Dataset section
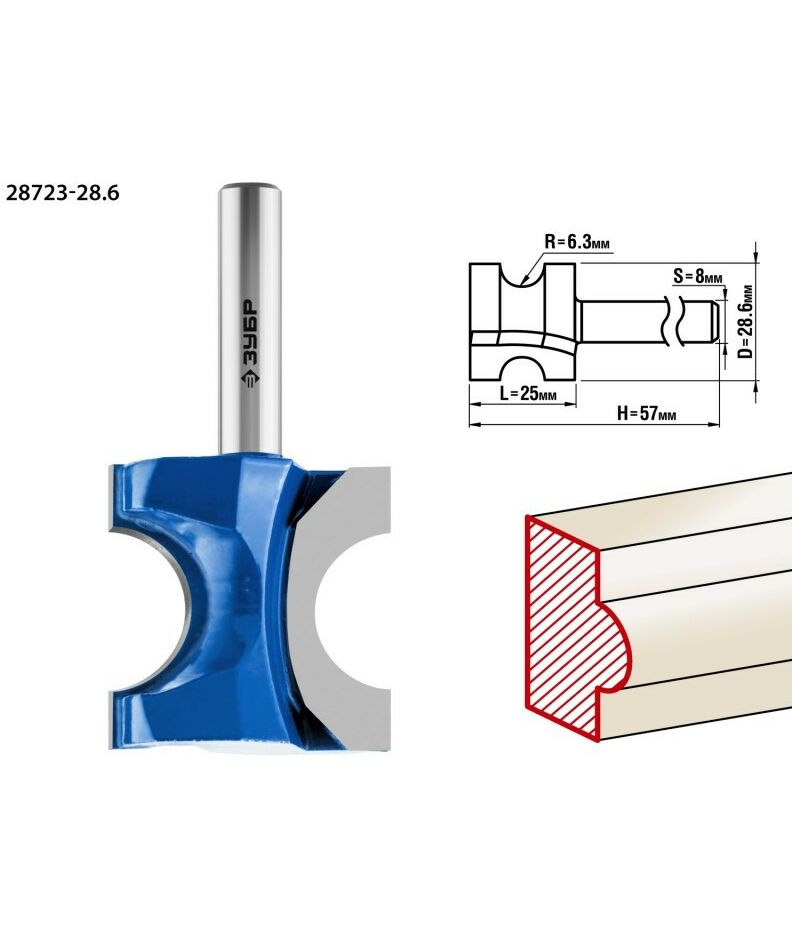 Фреза полустержневая Зубр 28.6x25мм радиус 6.3мм [28723-28.6]
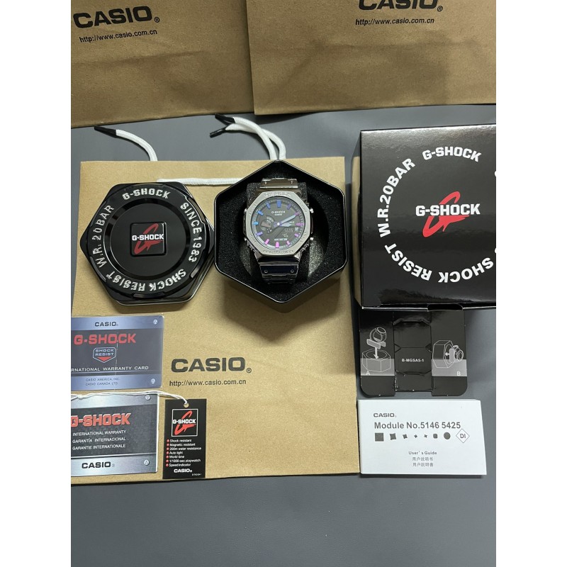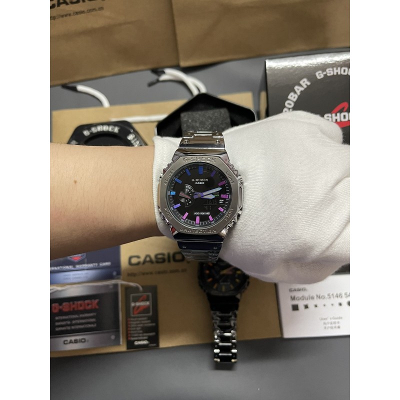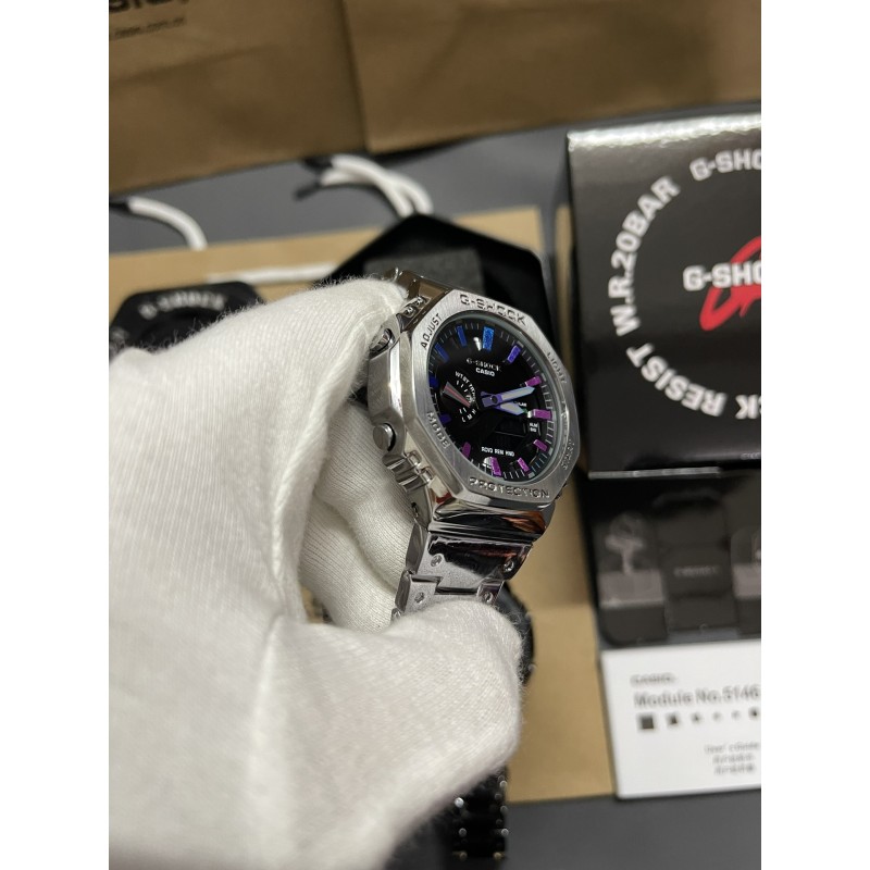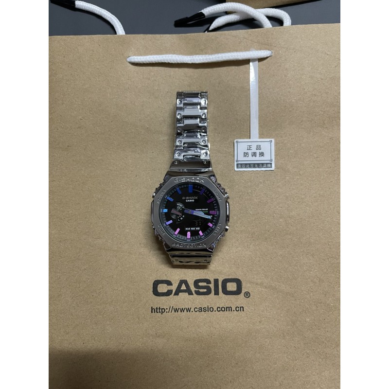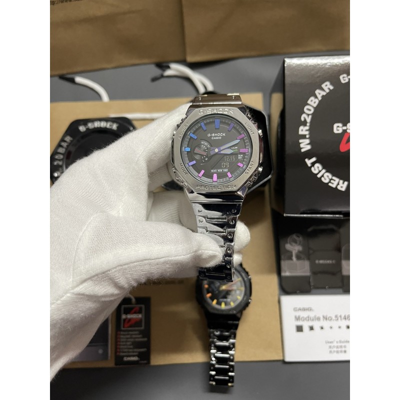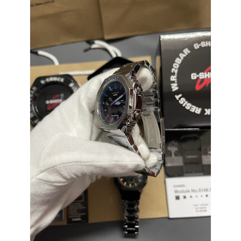 新款金属八角冰蓝精灵钢带系列 型号GM-B2100 功能:太阳能,秒表(精确到1/1000秒)世界时间,倒计时,闹铃,间歇响报,自动日历,45度自动抬手亮Led照明!
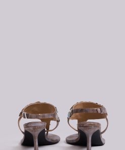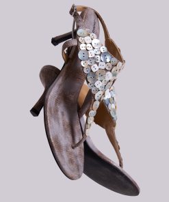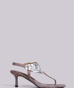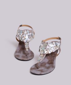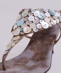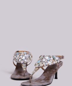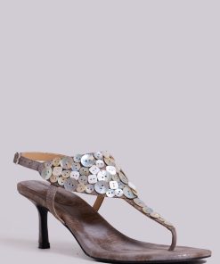 Mottled metallic PU leather thong heeled sandals with decorative buttons and ankle strap.
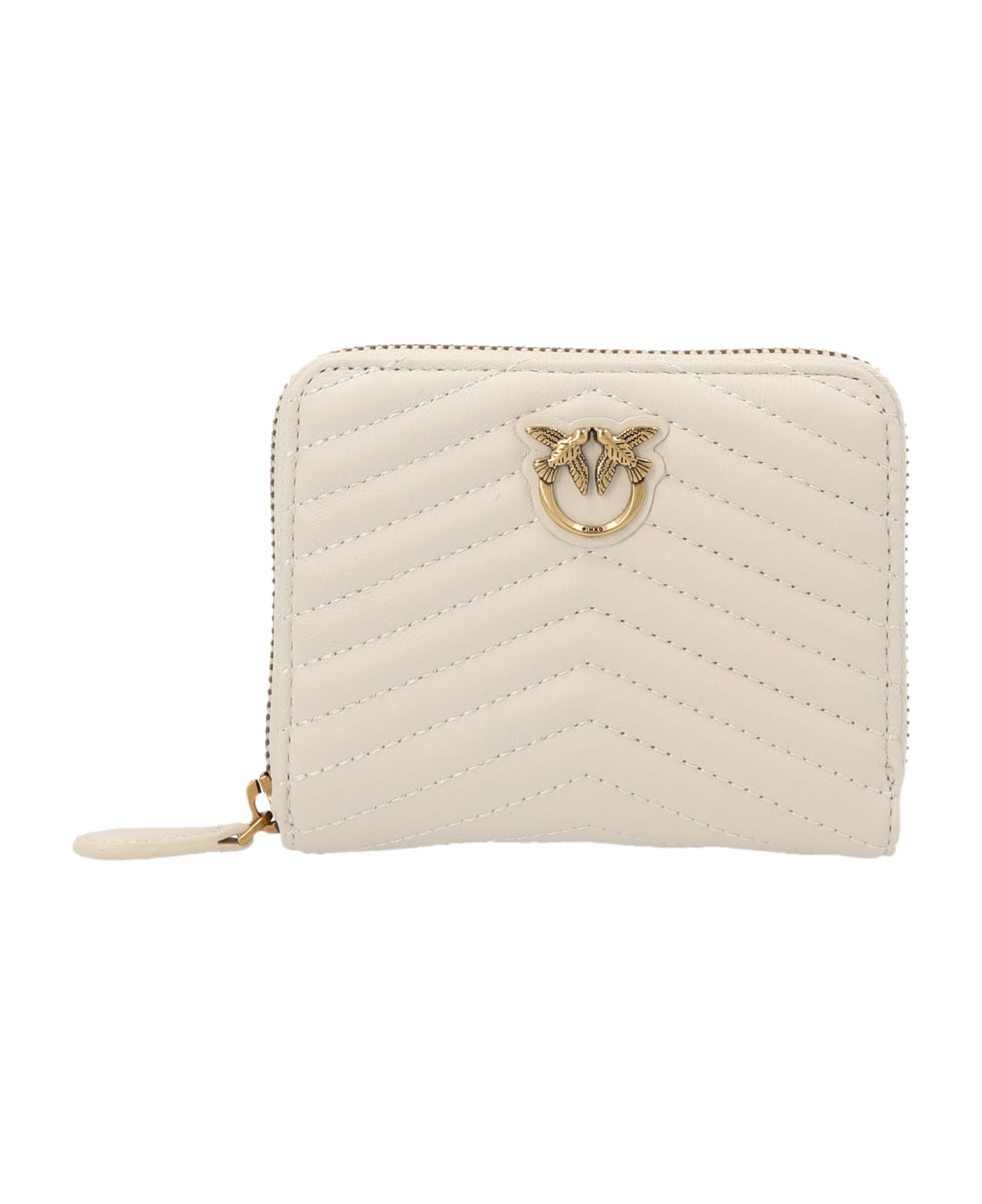 Taylor' quilted leather wallet with zip closure and a metal logo appliqué at the front.

Work required
When you return the listing, keep each line exact and leave the pictures out.

Answer space
 Фреза полустержневая Зубр 28.6x25мм радиус 6.3мм [28723-28.6]
 新款金属八角冰蓝精灵钢带系列 型号GM-B2100 功能:太阳能,秒表(精确到1/1000秒)世界时间,倒计时,闹铃,间歇响报,自动日历,45度自动抬手亮Led照明!
 Mottled metallic PU leather thong heeled sandals with decorative buttons and ankle strap.
 Taylor' quilted leather wallet with zip closure and a metal logo appliqué at the front.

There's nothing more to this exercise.